Points D and S were marked on the patient's skin of both inguinal areas preoperatively ([Fig. 2]). The hand-held Doppler ultrasound (8-MHz probe) was performed to check the presence of the perforator on the marked points.

SCIP flaps were designed with the axis centered in a line from the inguinal crease to the anterior superior iliac spine (ASIS) as described by Goh et al.[20] An exploratory incision was performed in the inferior-lateral aspect and the flap was raised above the superficial fascia up to 1 to 2 cm from point D, where we deepened to look for the perforator on its origin. A vessels loop was placed once it was identified. Dissection continued above the superficial fascia up to point S, which we used as a reference for the raising plane of the flap to include the pedicle on it. The perforating sites of the medial branch of SCIA on the deep and superficial fascia were correlated with preoperative markings (points D and S).

The relation between the distance from points D to S (distance DS) and the body mass index (BMI) was studied. Before analysis, data were tested for normality using Kolmogorove–Smirnov test. Descriptive characteristics were presented as mean and range. The relation between distance DS and BMI was performed with the Pearson's correlation coefficient, using SPSS 25.0 (IBM Corp., Amornk, NY). Statistical significance was set at p < 0.05.

Results

In 40 consecutive patients, candidates for lower or upper extremity reconstruction, 80 inguinal areas were analyzed in CTAs. Thirty-two men and eight female were included. Mean body mass index (BMI) was 27.2 kg/m² (range: 20–35 kg/m²); normal BMI (<25 kg/m²) was presented in 29.7%, overweight (range: 25–30 kg/m²) in 37.8% and obesity (>30 kg/m²) in 32.5% of the cases. Forty-three SCIP free flaps were performed for upper and lower extremities reconstruction (three double SCIP flap cases).

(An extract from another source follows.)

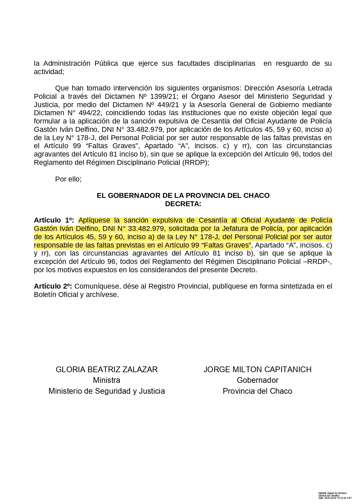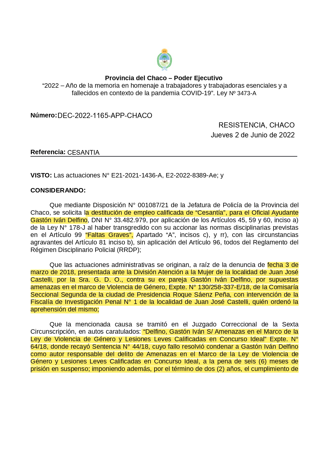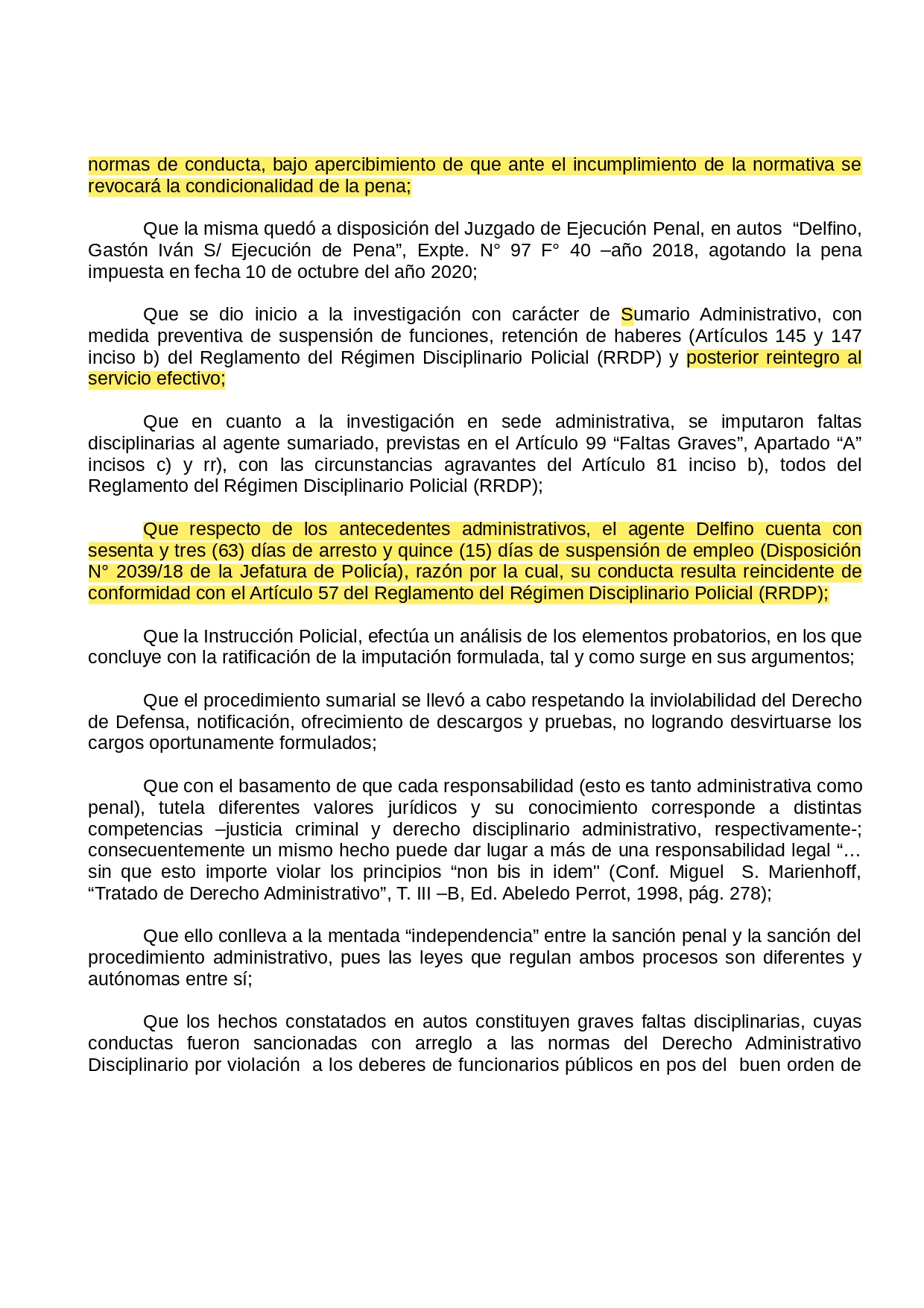 Hoy por hoy la sociedad y mi familia peligra al tener a una persona así en las calles, a través de sus pocos años dentro de la fuerza adquirió conocimientos que lo vuelven peligroso no posee freno, trata de manipular las situaciones a su favor ya fue condenado por violento y hoy debe asumir una condena por un homicidio en la justicia está el no volver a permitir que una madre piedra a su hijo que es algo antinatural lo natural y lógico es que los hijos deben enterrar a sus padres

The identification of points D and S in CTA was performed in all 80 inguinal areas and points were marked on the patient's skin preoperatively. Mean distance from midline (x-axis) to point D was 7.41 cm (range: 5.9—9.3 cm) and to point S was 9.11 cm (range: 6.9–13 cm). Mean distance from point D to point S (distance DS) was 1.7 cm (range: 0–4.7 cm). Distance DS tended to be greater when BMI was higher. Significant difference in distance DS was found between patients with BMI < 28 kg/m² and ≥ 28 kg/m² (p = 0.08; [Table 1]). The Pearson's correlation coefficient between distance DS and BMI was 0.265 with a p-value = 0.023. The hand-held Doppler was performed in all 160 markings (80 points D and 80 points S) and signals were detected in 100% of the cases ([Video 1] Identification of points D and S in CTA, markings and correlation with the hand-held Doppler).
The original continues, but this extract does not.